12. **Check existing evaluators before creating new ones.** Always call `evaluator_catalog_get` before proposing or creating evaluators. Present the existing catalog to the user and map existing evaluators to the agent's evaluation needs. Only create a new evaluator when no existing one covers the required dimension. This applies to every workflow that involves evaluator selection - initial setup, re-evaluation, and optimization loops.
13. **Use correct parameters when deleting evaluators.** `evaluator_catalog_delete` requires both `name` (not `evaluatorName`) and `version`. When cleaning up redundant evaluators, always pass the explicit version string. If an evaluator has multiple versions (for example, `v1`, `v2`, `v3`), delete each version individually - there is no "delete all versions" shortcut. Discover version numbers with `evaluator_catalog_get` before attempting deletions.

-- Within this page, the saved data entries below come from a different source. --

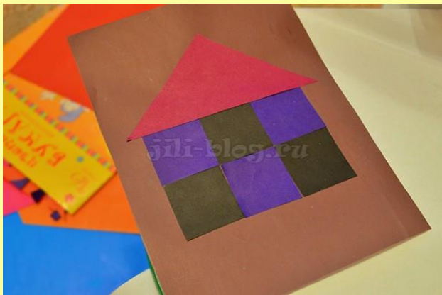
• Дом из блоков
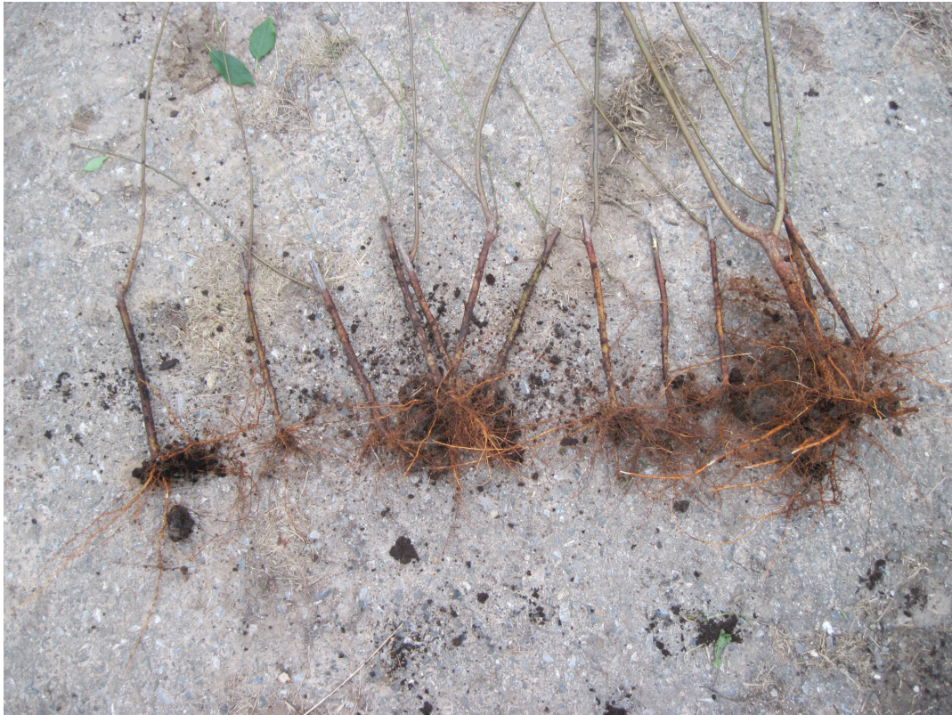
Obrázek P.15: Ukázka zakořenění – varianta IBA (pudr)/VVA-1
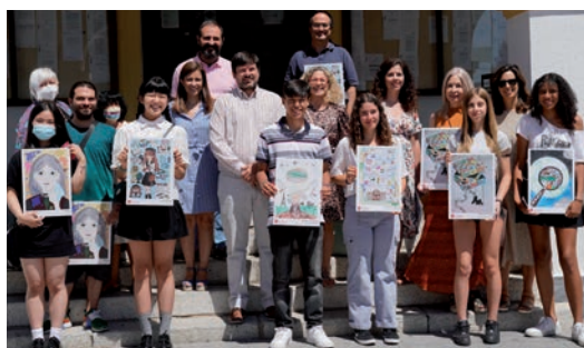
▲ Los premiados con sus dibujos.

La entrega de los premios del Concurso se celebró el pasado 28 de junio en el salón de
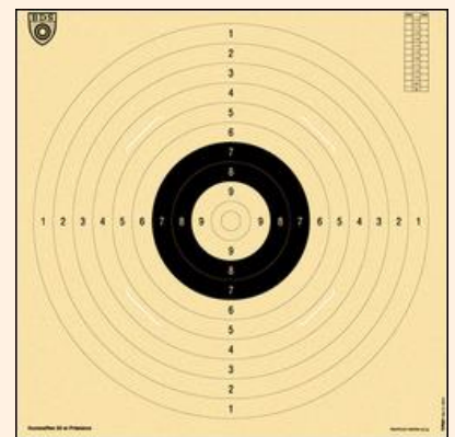
Scheibe für Präzision

Wertung: Die 20 Schuss Präzision können getrennt von den 40 Schuss Kombi gewertet werden, so dass auch nur Präzision geschossen werden kann.
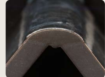
Ein stabiler Lichtbogen sorgt für eine gleichförmige Schweißnaht und ein festes Aneinanderfügen der geschweißten Teile, wodurch wiederum gute mechanische Eigenschaften der Schweißverbindung gewährleistet wird.

Ein größerer Anteil an Wechselstrom führt zu einem besseren Reinigungseffekt, während ein höherer Gleichstrom einen besseren Einbrand gewährleistet.

14. **Use a two-phase evaluator strategy.** Phase 1 is built-in only: `relevance`, `task_adherence`, `intent_resolution`, `indirect_attack`, and `builtin.tool_call_accuracy` when the agent uses tools. Generate seed datasets with `query` and `expected_behavior` so Phase 2 can reuse or create targeted custom evaluators only after the first run exposes gaps.
15. **Account for LLM judge knowledge cutoff.** When the agent uses real-time data sources (web search, Bing Grounding, live APIs), the LLM judge's training cutoff means it cannot verify current facts. Custom evaluators that score factual accuracy or behavioral adherence will produce systematic false negatives - flagging the agent's real-time data as "fabricated" or "beyond knowledge cutoff." Mitigations: (a) instruct the evaluator prompt to accept sourced claims it cannot verify, (b) use `expected_behavior` rubrics that describe the shape of a good answer rather than specific facts, (c) flag suspected knowledge-cutoff false negatives in the failure analysis rather than treating them as real failures.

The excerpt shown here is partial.